Ed Mulholland / Game Hall

  • Coming soon to Avni Yildirim? I do not know. Maybe a rematch with Anthony Dirrell, who struggled to draw with Kyrone Davis on Saturday? It’s about as high as he can hope for. Yildirim is 29 and he’s the fighter he is, and if what we saw on Saturday were his “transformations” and “improvements” he might want to go back to the old ways. He’s a second or third place super middleweight who had no real deal in the ring with Canelo Alvarez. Look, it wasn’t that it was that unusual as a ranking from a sanctioning body or a binding order, because it really wasn’t. Guys at Yildirim level (21-3, 12 KOs) get high rankings all the time. There are tons of them right now – look at the rankings of any sanctioning body and scratch your head if you want to be sure. But they’re rarely drawn into a fight with a bona fide superstar that everyone is paying attention to, and that’s what happened here. A lot more people have noticed it than usual. I’m not saying it will change anything. Nothing ever really changes in boxing. Sometimes change is lip service, that’s about it.
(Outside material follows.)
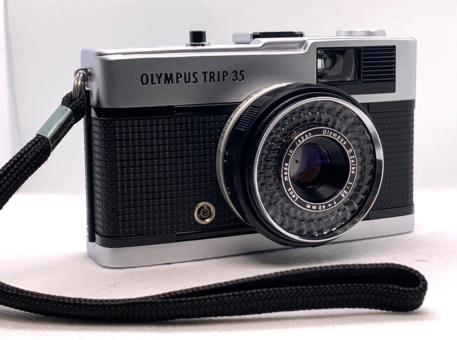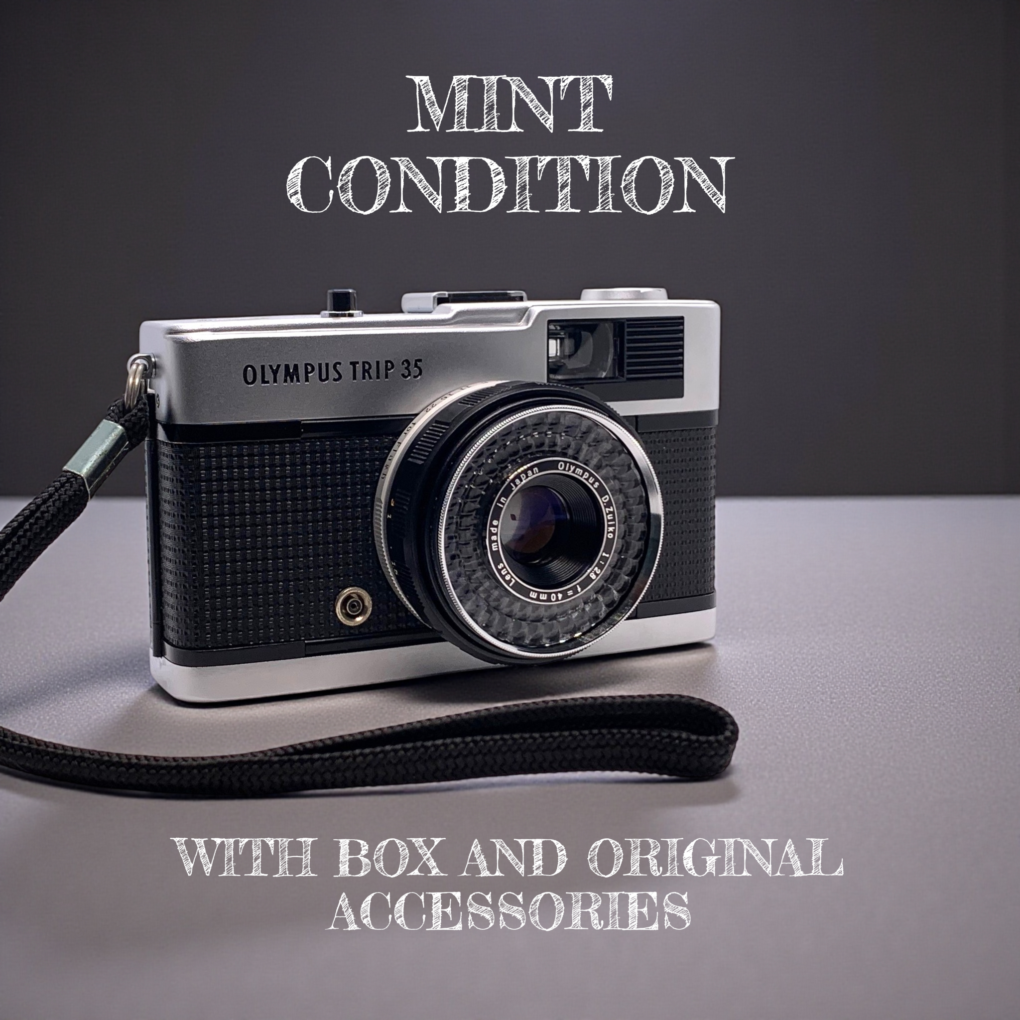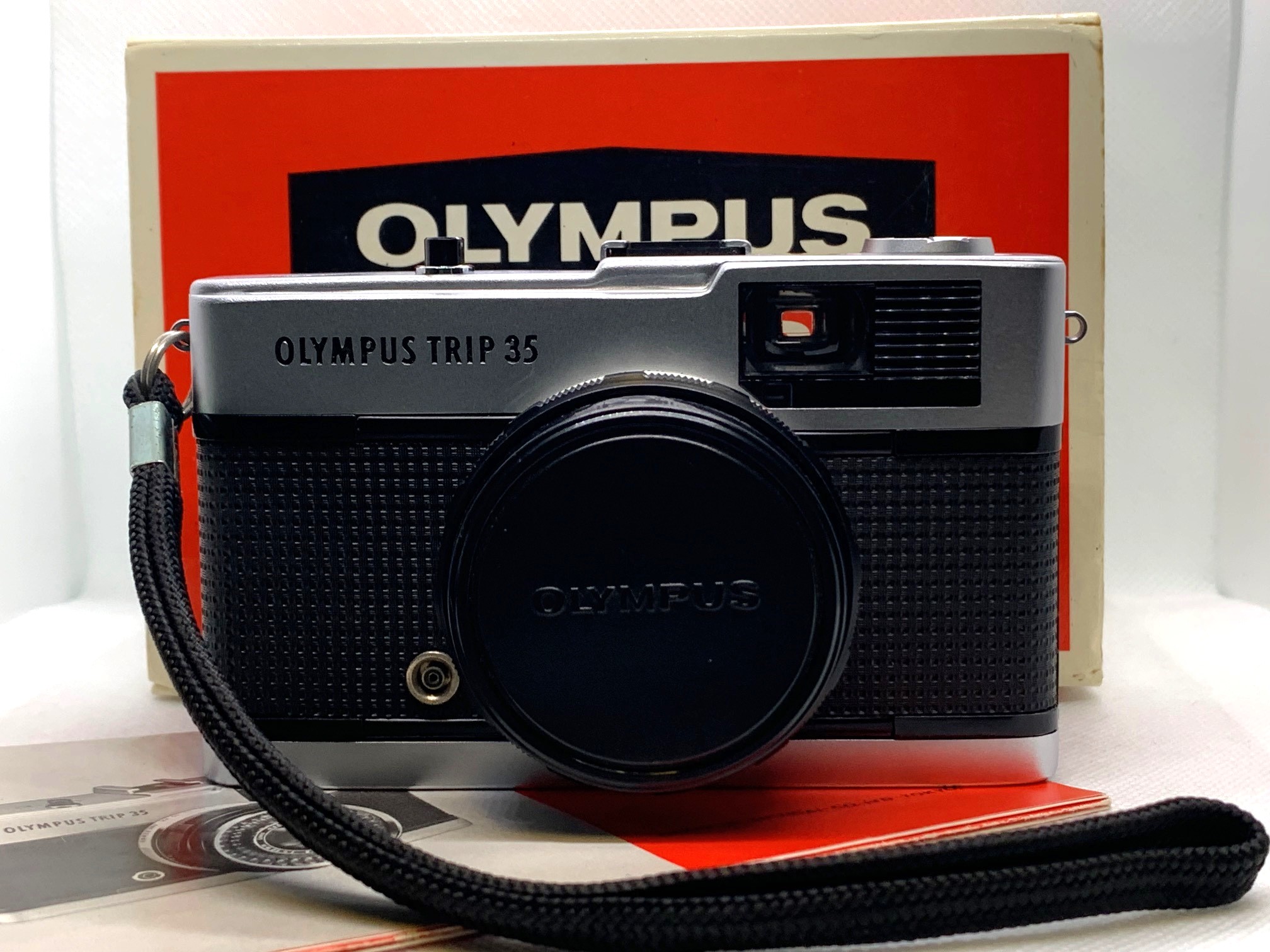 A Top Pics Camera! Mint Condition Olympus Trip 35 with all original accessories, box and instructions. Even the wrist strap still has the blue protective film on the clasp.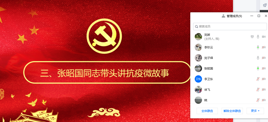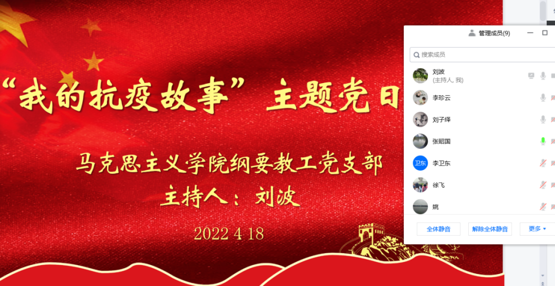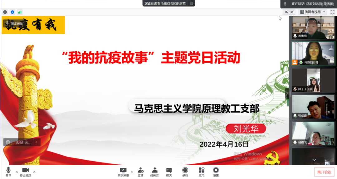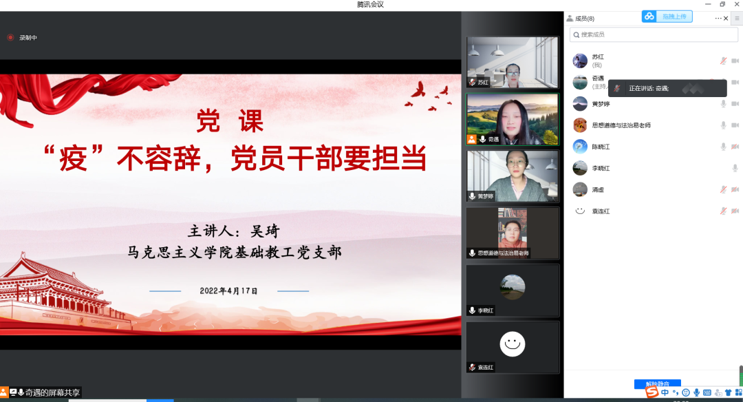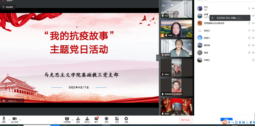 在“我的抗疫故事”分享会上,每位党员都从不同的角度、不同的岗位、不同的身份讲述着自己平凡或不平凡的抗疫故事。校外的老师有的居家做好线上教学工作,及时将“抗疫精神”融入思政课堂;有的加入社区志愿者服务工作;有的持家有方积极主动带领家人配合政府、社区做好各项防疫工作;校内的师生则各司其职,坚守岗位,认真学习。在上好网课的同时,有的加入学校、学院志愿者服务队,参加核酸检测、楼道清理、配送防疫物资等服务工作组;有的认真遵守校园各项防疫规定,做好个人防护,不乱跑不添乱;有的认真做好本职工作,努力维护学校、学院的各项工作稳步前进。不论身处何地何职,每位党员都在这场疫情防控攻坚战中贡献着自己的力量。

  • Although Parker’s fight was Junior Fa’s first chance to make a real breakthrough as a pro, he’s 31 and it’s a big setback for any hopes he had to become one of the best. contenders. Fa (19-1, 10 KOs) will have to go back to the drawing board a bit, but in reality it’s a finished product for the most part. A domestic scrap with Hemi Ahio (17-0, 12 KOs) could be interesting and sell some tickets in Auckland. Other than that, there’s a long way to go between the guys he’s beaten, like Devin Vargas and former Dominick Guinn, and the guy he just lost Parker to.
  • McWilliams Arroyo will have the obvious target of Julio Cesar Martinez, who withdrew from their fight on Thursday. Arroyo (21-4, 16 KOs) was able to advance and fight off the enemy on very short notice Abraham Rodriguez, and he beat a stopping win for the provisional WBC flyweight title. Martinez still has the real one, and that’s what Arroyo wants next. I would expect this to happen.
  • There is a clear reason why Zhilei Zhang (22-0-1, 17 KOs), 37, has never been taken very seriously as a pro by boxing fans despite being huge, d ‘have some skills and have won a silver medal in 2008. Olympics. Jerry Forrest exposed Zhang’s relatively low ceiling, coming off the canvas three times and forcing a draw when Zhang gassed after the third round. Forrest (26-4-1, 20 KOs) is kind of a solid heavyweight porter, can be a problem for prospects and even vets who need a test. He is tough and has skills; he’s someone where I think if he’d gotten the prospect treatment of going pro he might have been in a world title fight by now. Zhang could face Forrest, but will he want it, and will Matchroom want something to do with it? There is always money to Zhang hosting Anthony Joshua or someone in China.